Add Filipino lang

JohnHenryGaspay opened this issue · 7 comments

Would it be also good if you guys can support filipino language here in the Philippines.

@theraysmith I've noticed that there is no Filipino language on the list of data.

My training text corpus does not distinguish between fil and tgl, while they show up in ISO-639-2T as distinct. For some reason that I can't remember now, the language code has switched from tgl to fil in the "best" models that I pushed recently.

Does the fil language do what you want?
If not please try to explain why.
You could also try Latin, which attempts to cover all latin-based languages.

@amitdo I've tried adding it to the language folders but when selecting fil as language the app always shut down.

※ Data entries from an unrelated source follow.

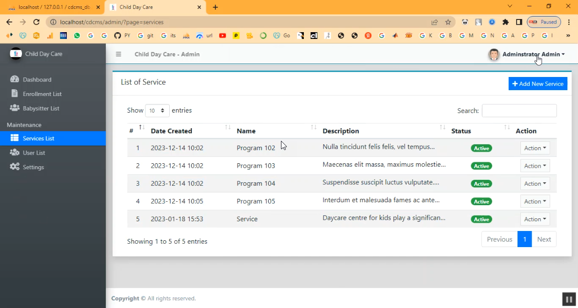 The Child Day Care System in PHP is designed to help childcare centers manage the registration, attendance, and daily activities of children efficiently. This system enables administrators to maintain detailed child profiles, monitor health records, manage staff schedules, and communicate with parents digitally. Built using PHP and MySQL, it provides secure data handling, easy access to records, and a user-friendly interface for day care operators and parents.
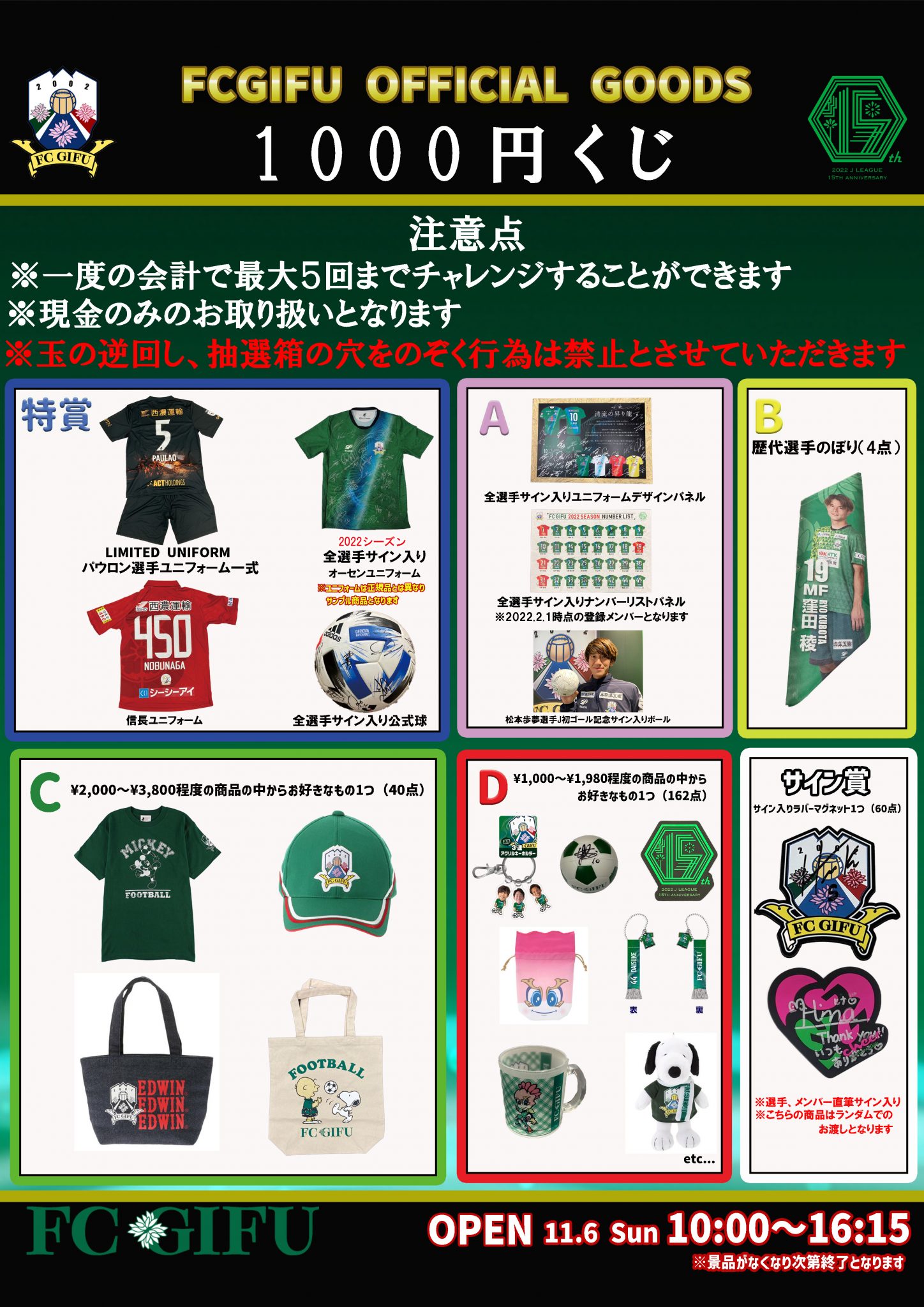 グッズショップ営業時間/10:00~試合終了後15分程度
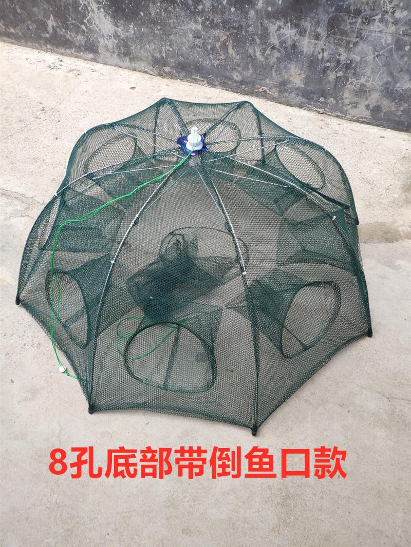 A rede de pesca tipo guarda-chuva é fácil de operar, sem instalação e fácil de usar! Ela tem uma estrutura simples, é feita de malha elástica espessada e tem uma estrutura espessada (2,8#). A versão atualizada da rede de pesca é fácil de instalar, assim como segurar um guarda-chuva, com um empurrão e um puxão, eliminando o tedioso processo de instalação e entrada de peixe reforçada, que abre automaticamente para pegar peixes quando a água entra.
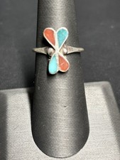 NATIVE AMERICAN WITH CORAL AND TURQUOUSE INLAY BUTTERFLY RING SIZE 6
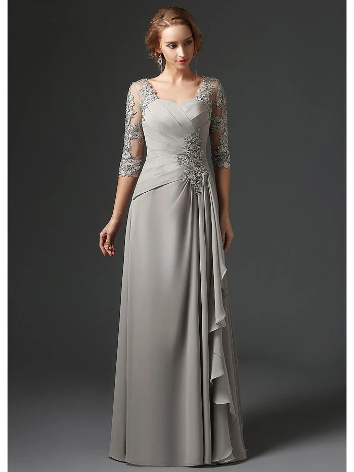 Серебряные новые летние платья для мамы невесты платье A до силуэт 34 рукава шифоновое платье с кружевами и жемчугом размера плюс элегантные платья для мамы для свадьбы
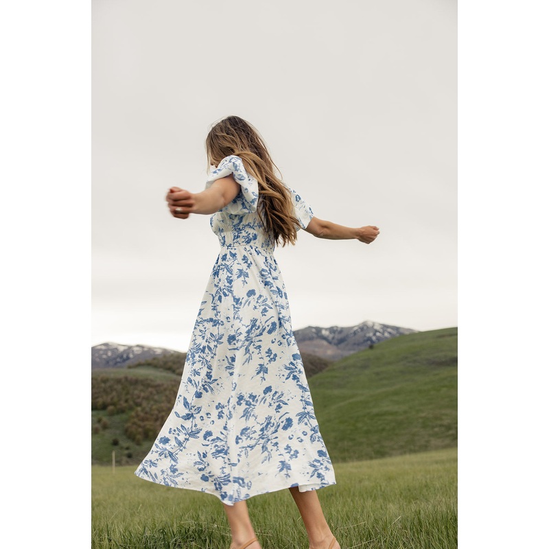 This pretty white dress is like a cloud with lovely blue flowers blooming all over. Featuring puff sleeves, a square neckline, and a double elastic waistband, this dress is perfect for twirling and feeling lovely!lined skirtpockets// paired with the madiso
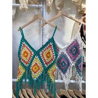 Áo 2 dây len móc phối màu đi biển Hàng QC
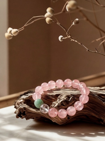 柔和光影中,粉晶手串静卧于木雕纹理之上,搭配干枝与石刻质感,营造出质朴文艺的中式静谧之美,传递舒适优雅的自然意境。
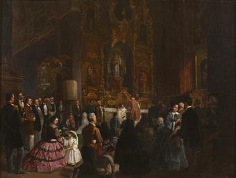 | Keywords: Una misa, de Francisco Cabral y Aguado (Museo del Romanticismo de Madrid).jpg La obra representa la celebración de una Eucaristía a mediados del siglo XIX en el interior de una iglesia española 1863 oil on canvas Size cm 119 89 Institution Museo del Romanticismo http //ceres mcu es/pages/Main accession number CE7186 http //ceres mcu es/pages/Main PD-old-100 Eucharist in art Francisco Cabral y Aguado Bejarano Paintings in the Museo del Romanticismo de Madrid 1863 paintings in Spain | ||||
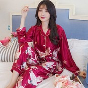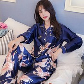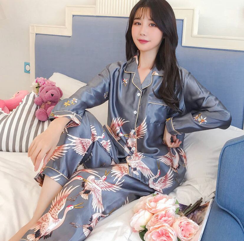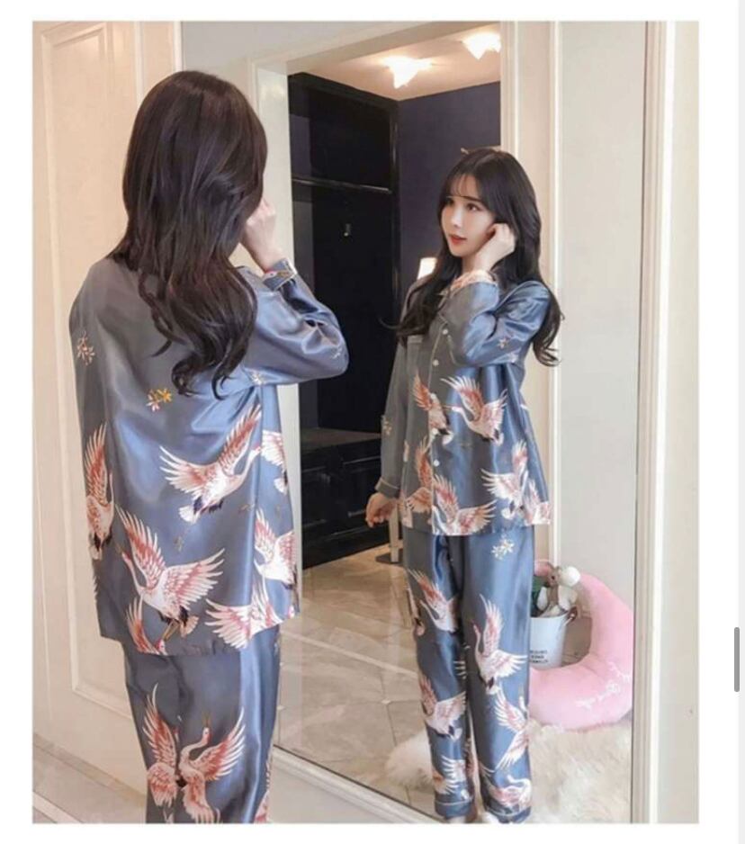 春 夏 レディース ルームウェア パジャマ 上下セット ツーピースセット 2点セット 桃 赤 緑 青 金 銀 紫 鶴赤 鶴灰 鶴青 葉青 葉ベージュ 大きいサイズ ゆったり さらっと 体型カバー シンプル 柄物 おしゃれ 可愛い 上品 大人 韓国 きれいめ プチプラ YN-5-85 | dress_sugar_moon
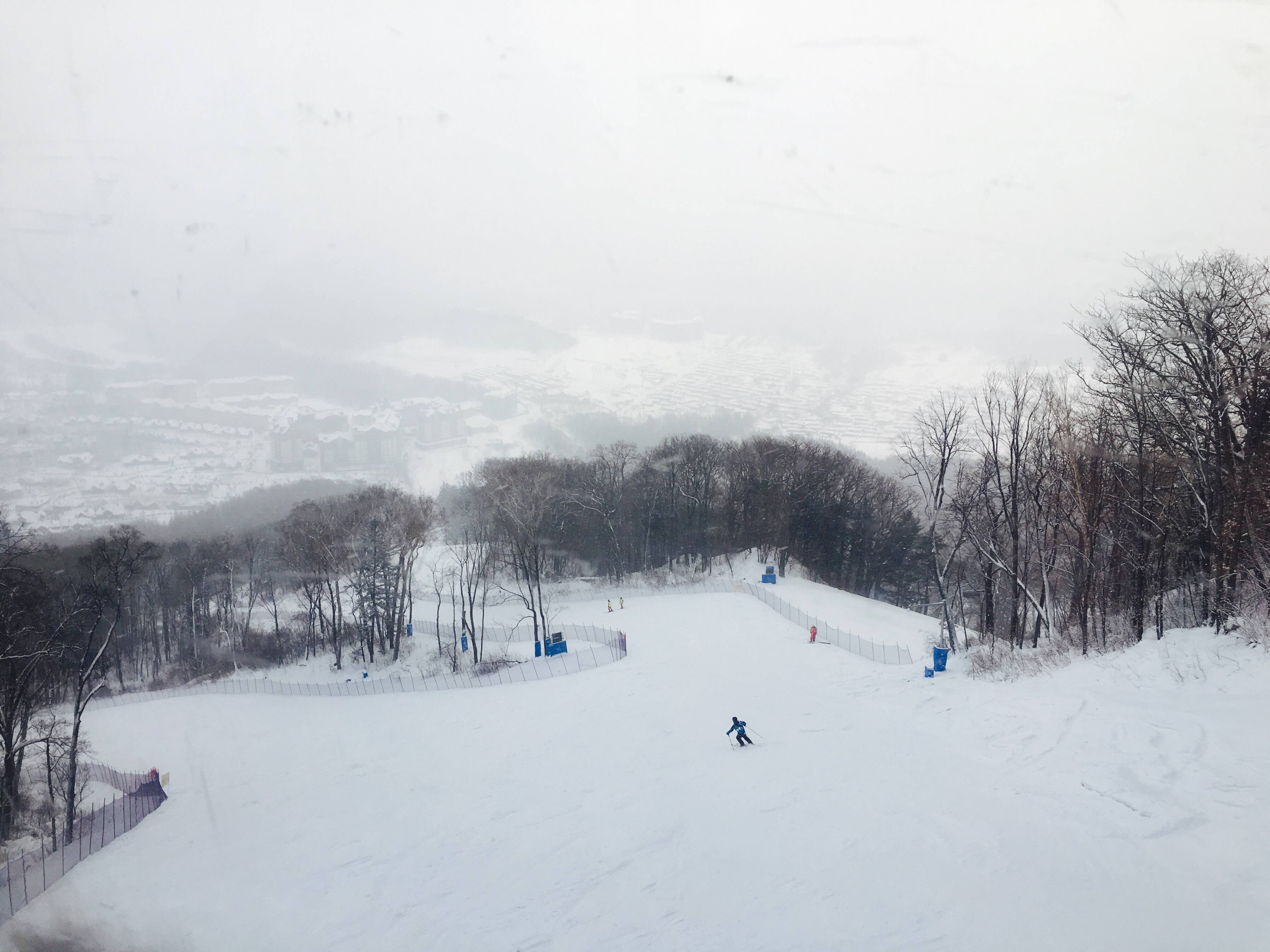 哦,第一天滑雪神马都没拍,惊心动魄的滑了一上午,一个没摔都偷笑了,根本没心情掏手机。下午敢在坡上停住了,手机却因为气温太低死机了。所以温馨提醒第一次去的朋友记得把手机放进有体温的内衬口袋,拍完后再放回保存它的体力,以免挂掉
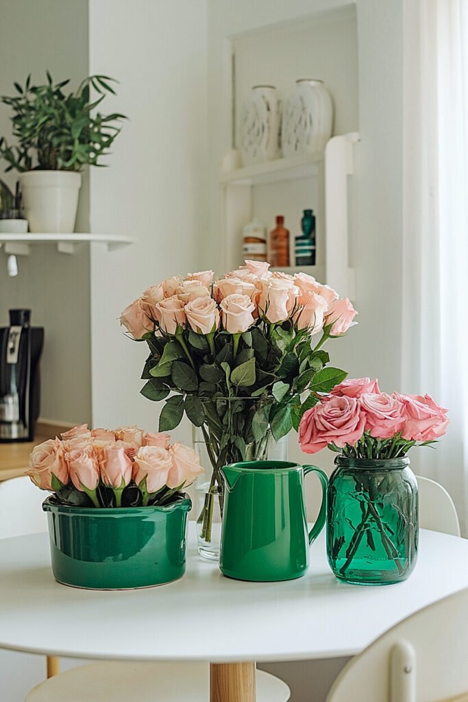 Container selection establishes St. Patrick’s atmosphere before adding a single flower. Green vessels communicate Irish intent immediately while providing practical housing for roses. The right containers suit apartment scale while surviving the bumps, moves, and storage demands small-space living requires.

@theraysmith Yes our national language here in the Philippines is Filipino(fil) and tagalog(tgl) is the old name for that. I've tried the Latin but it's not working.

I tested just now, with both best/fil and tgl (4.00.00alpha traineddatas) and they work with tesseract built from latest github code.

 tesseract fil-test.png fil-test-best-fil --oem 1 --psm 6 -l best/fil --tessdata-dir ../

 tesseract fil-test.png fil-test-tgl --oem 1 --psm 6 -l tgl  --tessdata-dir ../

Files attached. To me best/fil seems more accurate.
I took a snapshot from tgl wikipedia page.


I've tried adding it to the language folders but when selecting fil as language the app always shut down.

You should try running Tesseract from the command-line.